I felt the same kind of happiness again years later when I saw America Ferrera in Real Women Have Curves. These moments of delight seem to come once every few years. I sometimes wonder what it would feel like to be white and see myself depicted as the love interest in a feature film — or as the hero in an action series. 

REAL WOMEN HAVE CURVES, America Ferrera, 2002, © Newmarket/courtesy Everett Collection
REAL WOMEN HAVE CURVES, America Ferrera, 2002, © Newmarket/courtesy Everett Collection ©Newmarket Releasing/Courtesy Everett Collection

But media representation is an exhausting subject. We’ve been talking about it forever, and nothing ever changes. 

There are some moments of excitement, though, like when Netflix released Gentefied. This spirited and hilarious show about a working-class Los Angeles family truly spoke to me, and I loved every minute of it. It was canceled after two seasons. HBO, similarly, canceled Gordita Chronicles after just one season. That was heartbreaking. 

But why does it hurt so much? We should be used to it. It happened with Netflix’s On My Block (2018–2021), One Day at a Time (2017–2020), Hulu’s Vida (2018–2020), and I could go on and on. It’s as if studios tease us with inclusion and then quickly take it back like we don’t matter — as if no one will notice the difference. 

When films such as In the Heights and Steven Spielberg’s West Side Story get released, the Latinx community spirals into a frenzy about the lack of representation. Both of those films were stellar and inspiring. However, we dissect every little thing until the entire project is ripped apart because we get maybe one or two movies a year that feature our culture. It’s not enough. 

Recently, however, I’ve had glimpses of hope

For the first time, I was pleasantly surprised and excited over new programming that doesn’t feature just one version of ourselves, but genuinely exemplifies the complexities of being Latinx in the United States. 
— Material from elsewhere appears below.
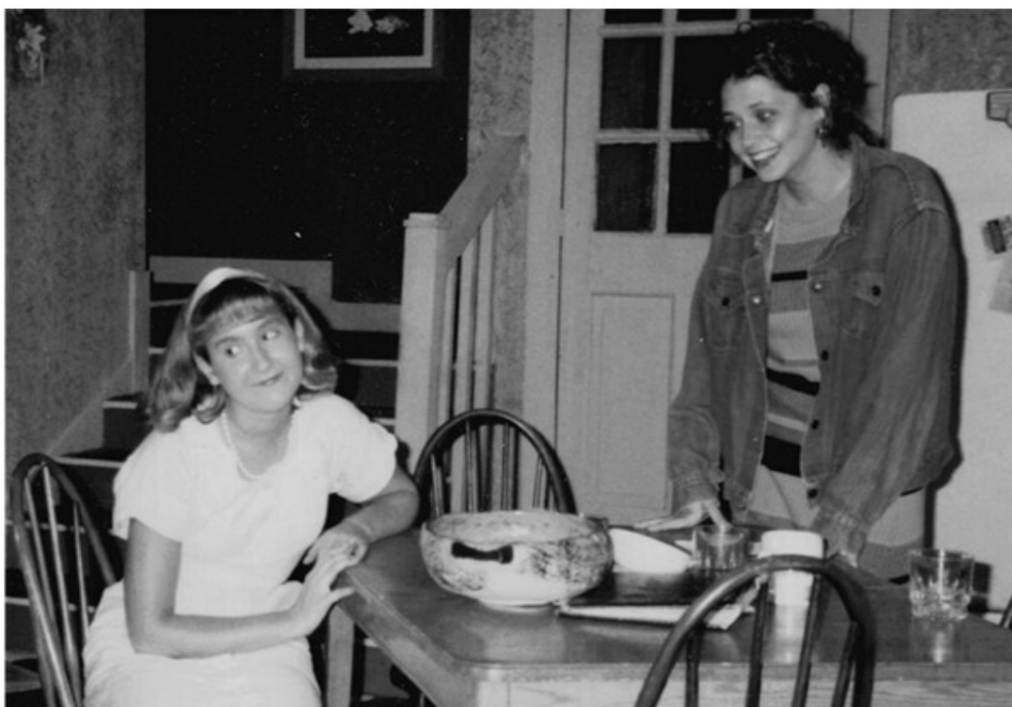
«Преступления сердца», Государственный университет Трумэна, 1995 г.

На занятиях по театральному мастерству было просто круто . У нас был урок, на котором мы садились в кружок и массажировали друг другу плечи. Я не шучу. Обучение массажу было частью расписания. Вот он, тщательно хранимый секрет всех, кто учится на актера! Были и другие упражнения: например, надо было стоять перед всей группой и рычать как лев, или двигаться как белка. У меня была сцена, где я повторяла одну и ту же фразу снова и снова с разными интонациями. Такие упражнения могут показаться глупыми или бессмысленными, когда о них читаешь, но поверьте мне: они превращают вас в актера. Мы работали над голосом, движением, проработкой героя. Мы читали горы пьес, ставили кучу сцен. Выучивание реплик было привычным делом.

Hulu’s This Fool had me (and my white husband) literally laughing out loud. It’s as if the writers knew my family—as if this show were made just for me. Hulu also released Prey — a film about a young Native female warrior who (spoiler alert) takes down the Predator — and Reservation Dogs, a touching dramedy about four Indigenous teenagers in rural Oklahoma.

Late last year, Amazon released Gloria Calderón Kellett’s With Love, a beautifully charming series that features a slew of wonderfully talented Latinx actors. HBO’s Los Espookys is another hilarious show starring the gifted Julio Torres. One of the biggest hits of the year was a cheesy but sweet romantic film on Netflix titled Purple Hearts, starring Sofia Carson, about a bold and fearless Latina who falls in love with a politically conservative white soldier (after marrying him for health insurance). 
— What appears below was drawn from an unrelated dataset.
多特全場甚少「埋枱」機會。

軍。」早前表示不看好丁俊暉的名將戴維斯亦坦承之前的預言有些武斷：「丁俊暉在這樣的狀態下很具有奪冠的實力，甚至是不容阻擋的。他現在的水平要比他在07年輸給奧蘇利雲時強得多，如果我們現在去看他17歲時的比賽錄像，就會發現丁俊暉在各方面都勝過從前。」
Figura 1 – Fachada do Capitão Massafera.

PURPLE HEARTS, from left: Sofia Carson, Nicholas Galitzine, 2022. © Netflix / Courtesy Everett Collection
PURPLE HEARTS, from left: Sofia Carson, Nicholas Galitzine, 2022. © Netflix / Courtesy Everett Collection ©Netflix/Courtesy Everett Collection

All of these portrayals of Latinx people may be seen as imperfect, which is a good thing. We should be seen as nuanced. We are not one type of person. We are not all Sofia Vergara or Jennifer Lopez, which is why I love to see shows such as Andor, Euphoria, Pose, Atlanta, You, Insecure, and Grey’s Anatomy because the casts’ diversity reminds me of our reality: we don’t live in a white world. 
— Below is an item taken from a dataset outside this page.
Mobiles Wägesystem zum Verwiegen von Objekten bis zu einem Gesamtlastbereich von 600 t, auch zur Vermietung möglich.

Unfortunately, my glimpse of hope was just a mirage. 

The Latino Donor Collaborative, a nonpartisan think tank, recently released its “Latinos in Media Report,” and, once again, Latinx representation in media is as dire as ever. Hulu, Netflix, Prime Video, HBO Max — and all of the streaming services, along with every network channel — include Latinx talent at a minuscule level.

Despite our continuous growth in population and our overwhelming consumer participation — our presence doesn’t seem to register. What should we do? Keep pushing, keep celebrating, and maybe most importantly: keep telling our stories. The resonance of our lives and cultures will someday register as a vital element of American culture.